Getting the images presented some challenges, not the least of which was that COVID made places more inaccessible. Plus, the subjects were massive.
"These buildings tend to be very low and long. The Apple spaceship is literally a mile around. You have to find a way to capture the whole building. A lot of my photography uses a wide-angle lens. It's really sort of breathtaking when you see the scale of that building," he said.
It wasn't just the pandemic making access tricky: Tech companies are also frequently siloed off from the public for security's sake.
"They tend to be very controlled. But I think they now realize that there really is a public interest," Adler said.
To that end, a number of the newer campuses boast spaces designed to welcome the public, with amenities such as cafes, stores, museums and visitors' centers.
Other trends Adler found in documenting these spaces was that there was an emphasis on making the exterior of the building a visual representation of the company, while on the interior, there was typically a focus on creating spaces for employees to collaborate. Since these structures were designed before the pandemic spurred an increase in remote work, he said it will be interesting to see how that design choice evolves in the coming years.
Another striking element to Silicon Valley's new architecture is that most buildings were created almost as "science projects," as Adler describes them, packing in many features to help mitigate environmental impact, such as solar panels, water recycling systems, living roofs or geothermal climate control.
"They put a tremendous amount of effort and attention into sustainability," he said.
Adler notes that the Silicon Valley region has long been home to important structures that broke new ground, which is why, in part, he included a historic element to the exhibition,
"Things like Hangar One at Moffett Field, when that was built in 1933, it was the world's largest freestanding building, and then when the Stanford Linear Accelerator was built in the 1960s, it was the longest and straightest building ever built," he said.
The influence of such structures and of the local environment is present in some of the valley's new buildings.
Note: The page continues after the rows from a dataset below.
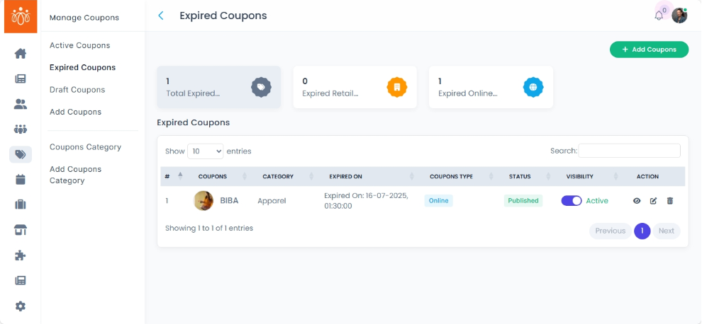 The Expired Coupons section lists all coupons that are no longer valid because their set validity period has ended. This section allows admins to review coupons or clean up old records that are no longer needed.
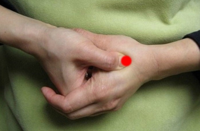 반대 손가락으로 검지손가락과 엄지 손가락 사이를 눌러줍니다.
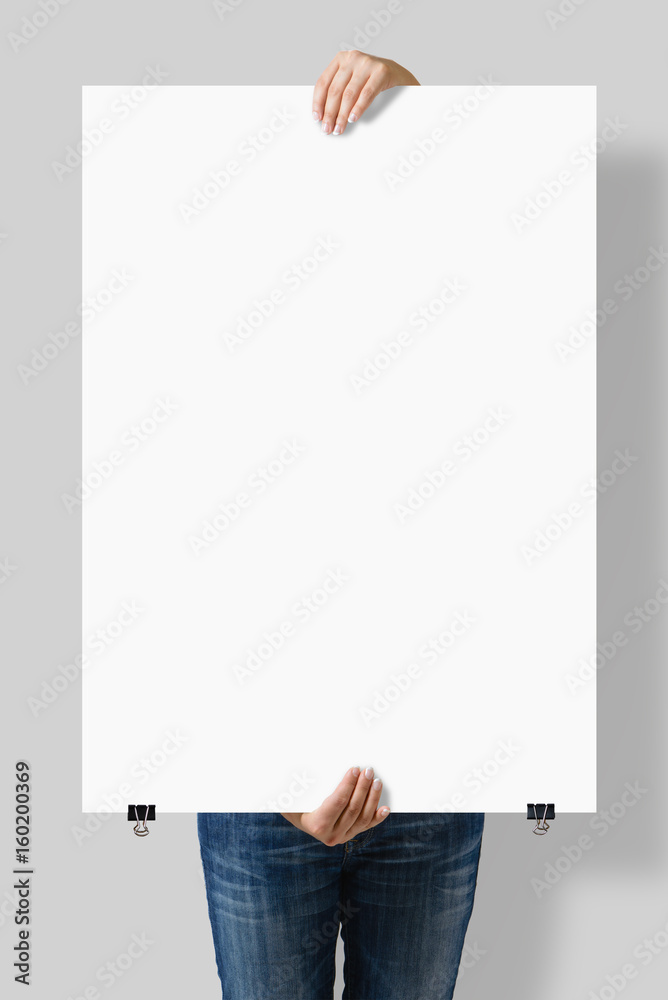 Obraz na plátně Woman holding a blank A1 poster mockup isolated on a gray background
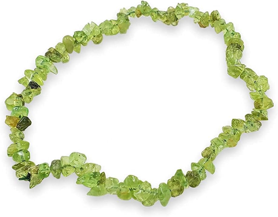 This Listing is For One (1) Peridot Gemstone Chips Bracelet - 7.50 Inch + Pouch

Adler pointed out that the hangars at nearby Moffett Field had an impact on the design of Google's Bay View campus.
Even the grounds of Apple Park take inspiration from the surroundings of another iconic local structure, the Stanford Dish, where Steve Jobs liked to stroll.
"People don't pay much attention to the past. That's why I liked the title, 'Building the Future: A Visual History of Silicon Valley.' So we're going to talk about the future but we're also talking about the past as well," Adler said.
"Building the Future: A Visual History of Silicon Valley" runs Aug. 3-Oct. 22 at the Los Altos History Museum, 51 S. San Antonio Road, Los Altos. Admission is free. On Aug. 17, 5:30-7 p.m., the museum presents "Conversations and Reflections: The Stories Behind the Buildings," a discussion with Adler and professor Barry Katz. Tickets are $10, losaltoshistory.org.